**Exercise instructions**:
The entries are to be reproduced verbatim, and their pictures left out.

[Opening Given records section]

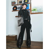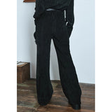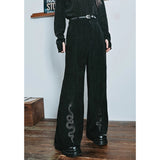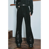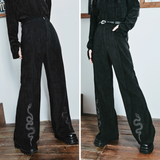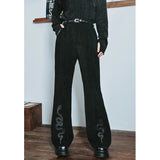 静寂の中に潜む危うさを纏うようなコーデュロイパンツ。黒の深みの中に、裾へと蠢くように描かれた蛇骨の刺繍が、死と再生の輪廻を象徴しています。繊細でありながら力強いその曲線は、闇の美学を体現するかのように脚線を際立たせ、静かに見る者を惹きつける。冷たく光る骨の意匠が、禁忌の美を語る、静謐で妖艶なブラックパンツ。
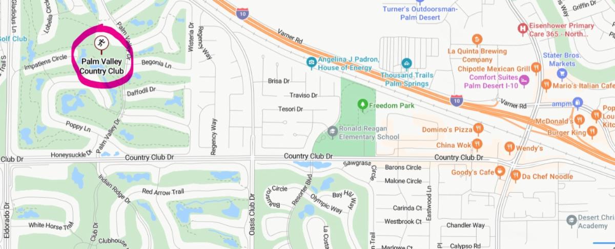 Our meetings will now be held at Palm Valley Country Club (Clubhouse), 39205 Palm Valley Drive, Palm Desert. It’s conveniently located just off Country Club Drive, west of Washington. (See map below.)
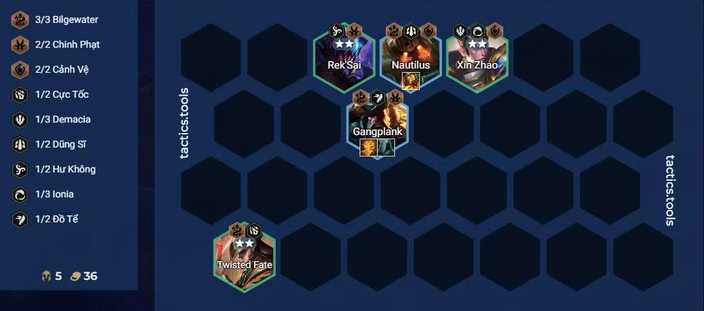 Đội hình giai đoạn đầu có thể gồm: Gangplank – Graves – Twisted Fate – Nautilus.
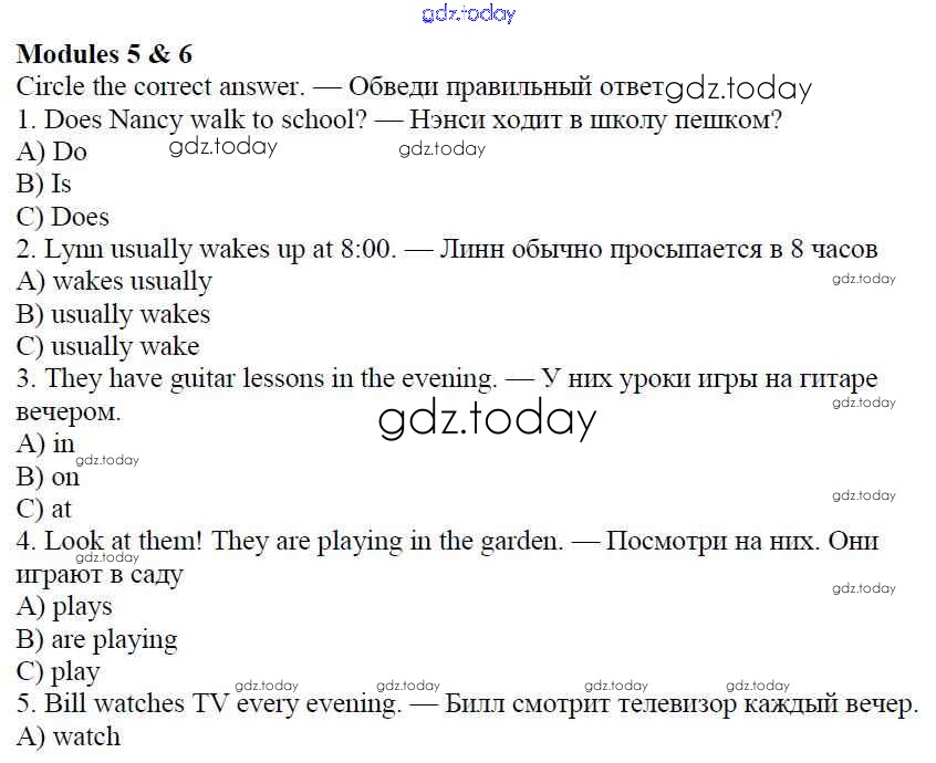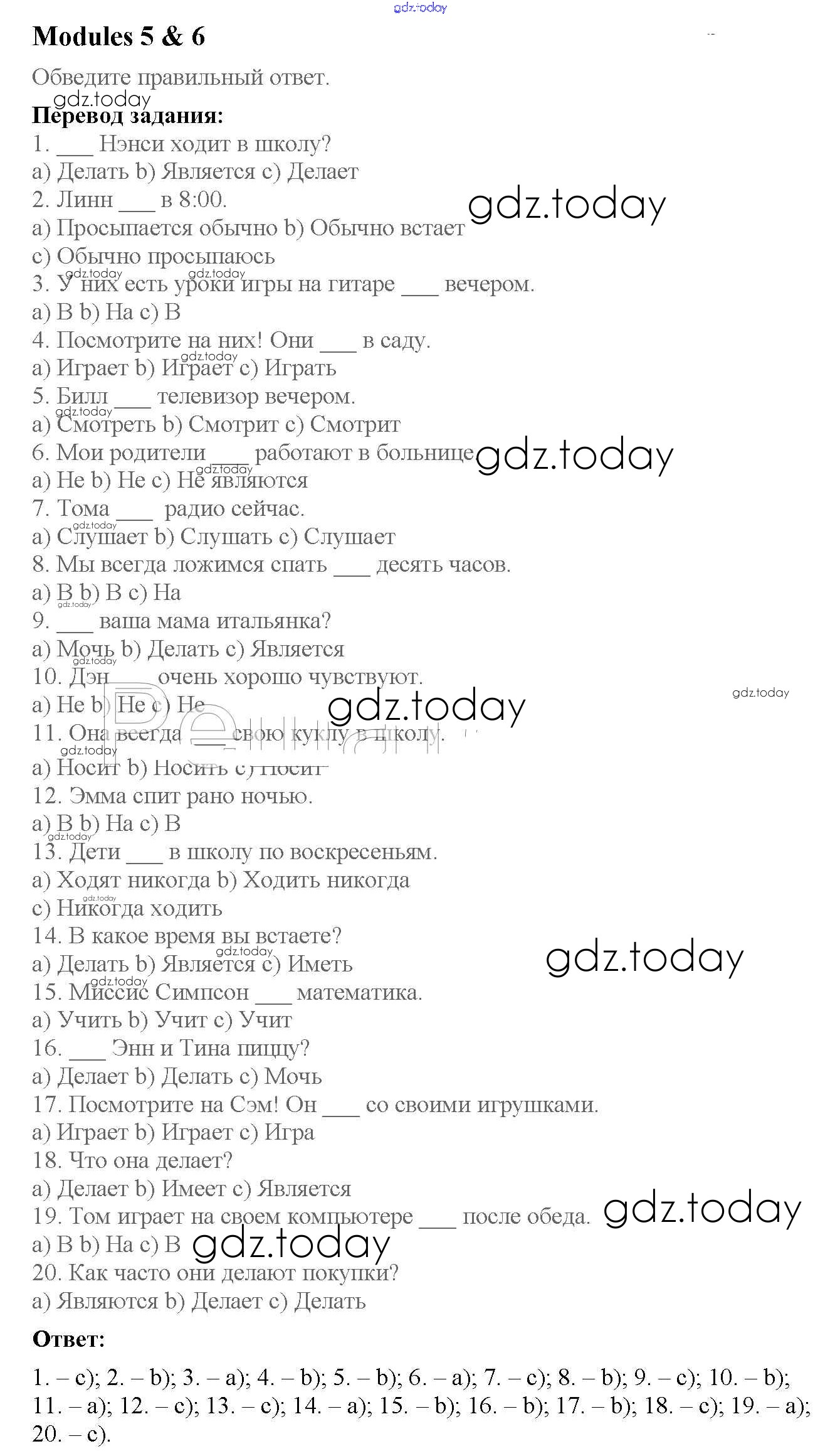На страницах сайта gdz.today вы найдете учебный и вспомогательный материал, направленный на улучшения знаний школьной программы. ГДЗ - онлайн мир знаний Модули Повторение (решение) 5-6 Рабочей тетради по Английскому языку для 5 класса Ваулина, Дули Просвещение, Просвещение Spotlight 2016, 2022
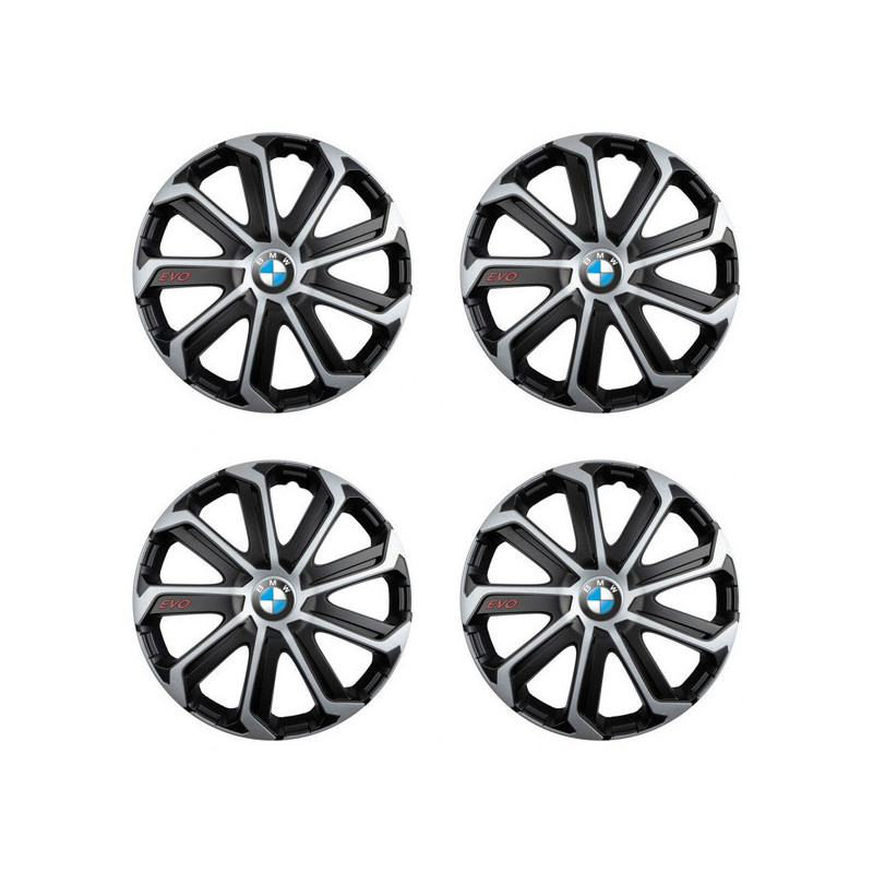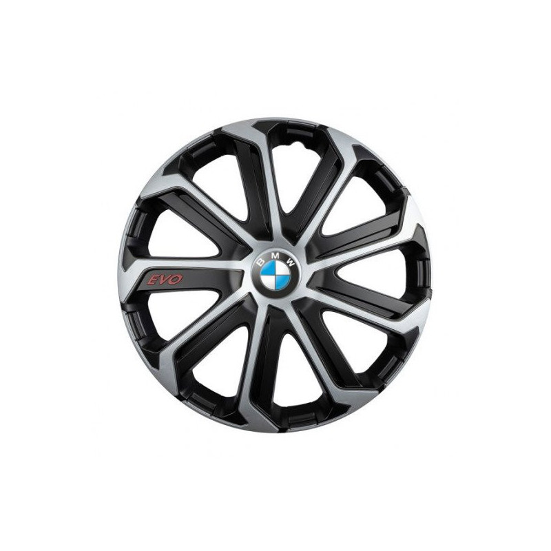 Puklice 15 Evo black&silver pre BMW na ocelové disky. Pre kolesá o veľkosti R15 so živicovými samolepkami BMW.Príjemca :

[Closing Given records section]

**Response**:
 静寂の中に潜む危うさを纏うようなコーデュロイパンツ。黒の深みの中に、裾へと蠢くように描かれた蛇骨の刺繍が、死と再生の輪廻を象徴しています。繊細でありながら力強いその曲線は、闇の美学を体現するかのように脚線を際立たせ、静かに見る者を惹きつける。冷たく光る骨の意匠が、禁忌の美を語る、静謐で妖艶なブラックパンツ。
 Our meetings will now be held at Palm Valley Country Club (Clubhouse), 39205 Palm Valley Drive, Palm Desert. It’s conveniently located just off Country Club Drive, west of Washington. (See map below.)
 Đội hình giai đoạn đầu có thể gồm: Gangplank – Graves – Twisted Fate – Nautilus.
На страницах сайта gdz.today вы найдете учебный и вспомогательный материал, направленный на улучшения знаний школьной программы. ГДЗ - онлайн мир знаний Модули Повторение (решение) 5-6 Рабочей тетради по Английскому языку для 5 класса Ваулина, Дули Просвещение, Просвещение Spotlight 2016, 2022
 Puklice 15 Evo black&silver pre BMW na ocelové disky. Pre kolesá o veľkosti R15 so živicovými samolepkami BMW.Príjemca :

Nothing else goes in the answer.